Ware did it as well as anyone, finishing eighth on the NFL’s career sack list. But these days, the job is less about muscle, more about megawatt smiles. At 37, he’s early into his second career, rebranding himself as equal parts OG fitfluencer Shaun T and Good Morning America’s Michael Strahan. In 2018, he competed on Dancing with the Stars. He also makes occasional appearances on NFL Network, flying wherever the Cowboys play to talk about his old team.

It’s a new world Ware loves, but tackling is unnecessary roughness here. When you spent more than a decade living for the next hit, meetings are instant boredom. Ware often fidgets during sit-down meetings—and after this workout, his day is full of them. He checks in with his team about his new iOS fitness app, Driven 2 Win, and he takes calls for various video projects. Before all that, it helps to hit, well, something. “This,” Ware says, “has replaced football as my physical outlet. I’m not able to be out there competing like I used to against the guys anymore. So I do this.”

He’s hoping to transform that outlet into a business. Since leaving football, he’s built an Instagram following that’s approaching 1 million—and although some beg him to get back into his cleats, many also want an ex–NFL badass’s training advice. He delivers with regular IG workouts as well as his new app, and he just got certified as a personal trainer himself. He already works with a handful of one-on-one clients out of his gym, and by this spring he’ll open the space to the public under the name 3Volt. (He has
an afternoon meeting about that today, too. Yes, that means more sitting.)

His morning workouts double as a testing ground for exercises he’ll use in 3Volt training sessions. “Everybody wants to be fit,” says Ware. “Now I can be a captain in their lives after motivating my teammates and being a champion on the football field. I want to train and teach them how to get the right mindset to go tackle the day.”

Photo credit: Arturo Olmos
Photo credit: Arturo Olmos

But right now he just really wants to tackle that Jammer. His head already dotted with sweat, he makes his way over to the cage, wedges his broad-shouldered frame between its handles, squats backward, then, like a coiled spring, explodes forward. The Jammer rattles, the sound reverberating through his 5,000-square-foot space.

He grinds out three sets and follows those up with dumbbell rows, medball slams, tire flips, and dumbbell curls. Finally, he jogs to the treadmill, finishing off his workout with ten 15-second all-out sprints. After the last one, he steps off the machine, heaving. “Now I can go out and tackle the day."

The Break of Brawn

When Ware hits the road, he ditches his gym grind for a light-speed bodyweight circuit that he can do in his hotel room. Give it a try.

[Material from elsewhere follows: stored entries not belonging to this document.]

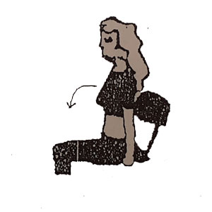 Hay que sentarse en una silla, apoyandose contra el respaldo de la misma en forma recta (tal como lo muestra la figura) e inclinar el tronco hacia las piernas unas 10 veces.
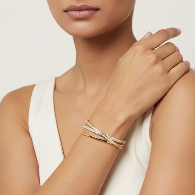 Élan Virelle is a sculptural expression of modern elegance, designed for those who appreciate quiet luxury with a strong point of view. The open cuff silhouette flows in a refined crossover form, creating a sense of movement and balance that feels contemporary yet timeless. Its clean architectural lines are softened by a seamless ribbon of brilliance, making the piece equally powerful worn alone or layered with intention.
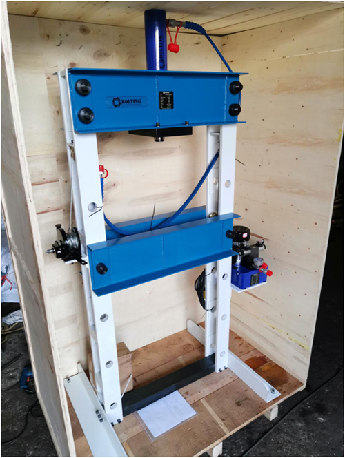 BOLTING博霆30噸液壓壓床,車間檢修用30噸H型液壓壓床完成測試,準備發貨。
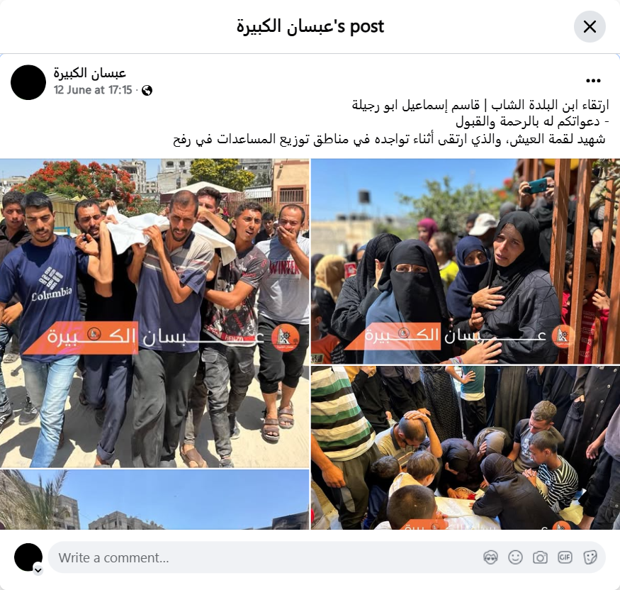 ارتقاء ابن البلدة الشاب | قاسم إسماعيل ابو رجيلة - دعواتكم له بالرحمة والقبول شهيد لقمة العيش، والذي ارتقى أثناء تواجده في مناطق توزيع المساعدات في رفح
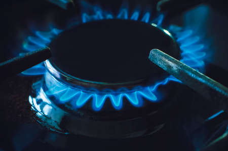 Burning gas at home kitchen stove, close-up of blue flames, dark toned photo
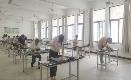 上午9时30分,曾庆军在船舶大楼305会议室对参与技能操作考核的评委进行动员,就考核流程、注意事项与各位评委老师进行了详细说明,并要求考核过程必须公平公正、认真严谨。随后,曾庆军在305会议室对全体应聘人员致欢迎词,并讲解实操考核须知。教务办对应聘人员进行考前分组、身份信息核对、签到、及工位号抽取等工作,并对全体应聘人员的通讯物品进行集中管理。10时30分,应聘人员分焊接专业组、机电专业组、技师组分别在焊接实训室与机电实训室进行技能操作考核。

Photo credit: Arturo Olmos
Photo credit: Arturo Olmos

Directions

Do 3 or 4 rounds. Rest for 1 minute after each round.

Plank

Set up in a forearm plank, abs and glutes tight. Hold for 30 to 60 seconds. Want more of a challenge? Add an alternating reach, lifting 1 hand in front of you; keep your hips and shoulders square as you do this.

Tempo Pushup

Set up in pushup position, wrists slightly wider than shoulder width, abs and glutes tight. Bend at the elbows and shoulders, lowering your chest until it’s an inch from the floor; take 3 seconds to do this. Pause for 2 seconds, then explode back up. That’s 1 rep; do 15. Struggling? Place your hands on a chair or bed to make it easier.

Pause Reverse Lunge

Stand with your feet together, chest up and abs tight. Step back with your left leg, then lower into a reverse lunge. Keep lowering until your right thigh is parallel to the floor. Pause and hold for 1 second, then push off your right leg and stand back up, squeezing your glutes. That’s 1 rep; do 15 per side.

Single-Leg Chair Squat

Stand with your back to a chair, left foot off the floor. Bend your right knee and push your butt back, slowly lowering your butt to the chair. Put both feet on the floor and stand back up. That’s 1 rep; do 15 per side.